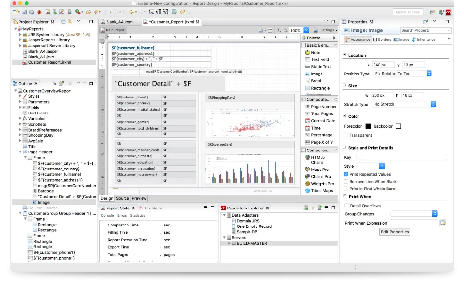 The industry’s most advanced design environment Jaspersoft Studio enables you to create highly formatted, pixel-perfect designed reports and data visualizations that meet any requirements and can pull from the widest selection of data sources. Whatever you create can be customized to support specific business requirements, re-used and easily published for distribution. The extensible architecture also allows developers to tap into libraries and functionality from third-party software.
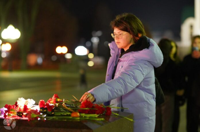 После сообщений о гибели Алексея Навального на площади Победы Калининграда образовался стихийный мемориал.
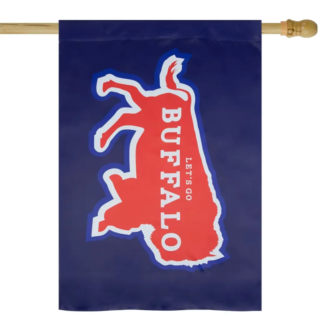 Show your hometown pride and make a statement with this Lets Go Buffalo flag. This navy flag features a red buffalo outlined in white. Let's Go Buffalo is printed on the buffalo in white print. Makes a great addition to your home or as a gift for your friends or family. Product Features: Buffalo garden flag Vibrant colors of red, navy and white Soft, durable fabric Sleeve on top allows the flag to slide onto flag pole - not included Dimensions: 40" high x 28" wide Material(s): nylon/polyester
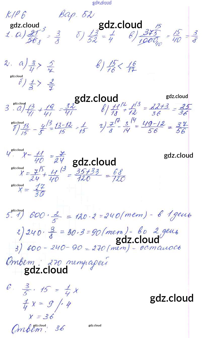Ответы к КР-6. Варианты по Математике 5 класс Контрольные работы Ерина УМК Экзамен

#####

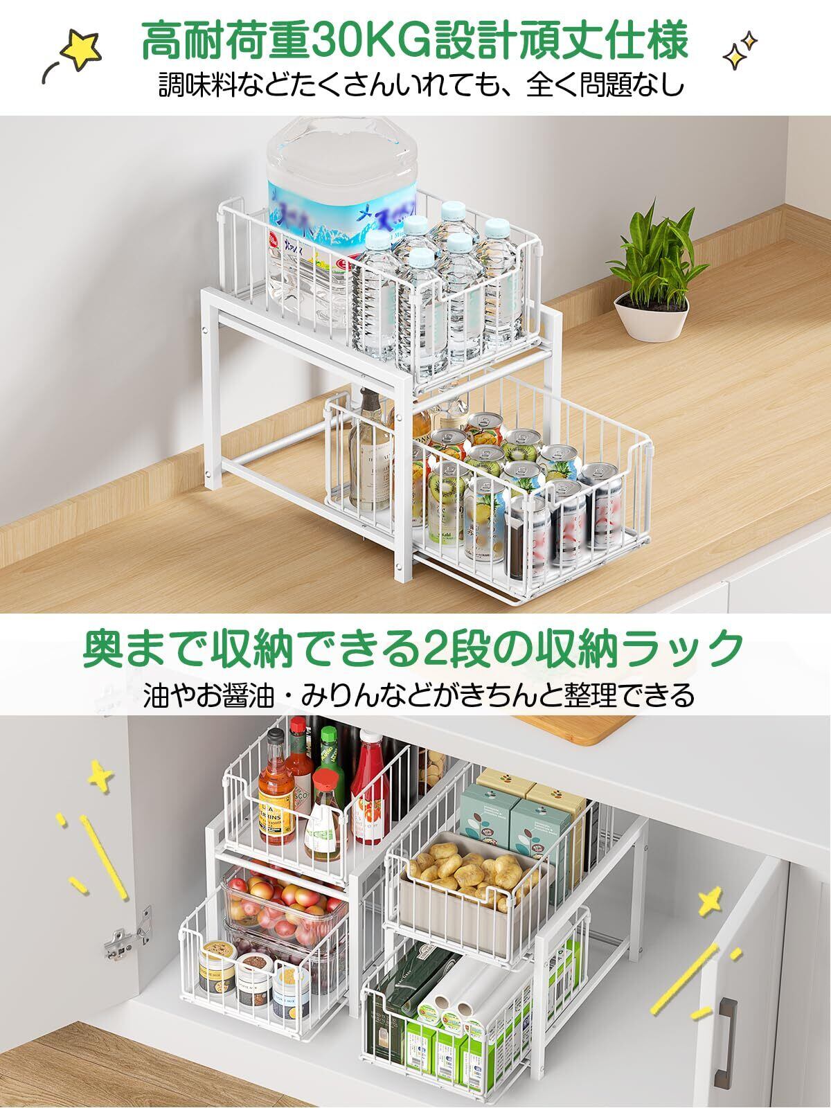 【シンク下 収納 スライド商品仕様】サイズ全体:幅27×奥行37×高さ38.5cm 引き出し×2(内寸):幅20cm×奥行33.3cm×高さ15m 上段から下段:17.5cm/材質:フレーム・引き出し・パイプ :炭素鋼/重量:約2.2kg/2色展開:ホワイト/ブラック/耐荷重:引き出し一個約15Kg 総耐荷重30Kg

#####

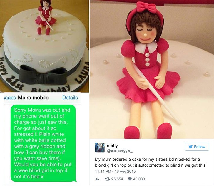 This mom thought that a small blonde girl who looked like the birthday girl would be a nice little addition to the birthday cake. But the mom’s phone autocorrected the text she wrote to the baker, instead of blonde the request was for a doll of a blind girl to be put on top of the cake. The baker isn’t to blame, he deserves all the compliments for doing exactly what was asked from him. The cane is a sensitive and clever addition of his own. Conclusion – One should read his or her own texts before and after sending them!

#####

• **YOUR GOAL**
Copy word for word the lines above, starting at the line containing "После сообщений о" and ending at the line containing "Ответы к КР-6.", inclusive, with no pictures.

• **RESPONSE FOR THIS EXERCISE**
 После сообщений о гибели Алексея Навального на площади Победы Калининграда образовался стихийный мемориал.
 Show your hometown pride and make a statement with this Lets Go Buffalo flag. This navy flag features a red buffalo outlined in white. Let's Go Buffalo is printed on the buffalo in white print. Makes a great addition to your home or as a gift for your friends or family. Product Features: Buffalo garden flag Vibrant colors of red, navy and white Soft, durable fabric Sleeve on top allows the flag to slide onto flag pole - not included Dimensions: 40" high x 28" wide Material(s): nylon/polyester
Ответы к КР-6. Варианты по Математике 5 класс Контрольные работы Ерина УМК Экзамен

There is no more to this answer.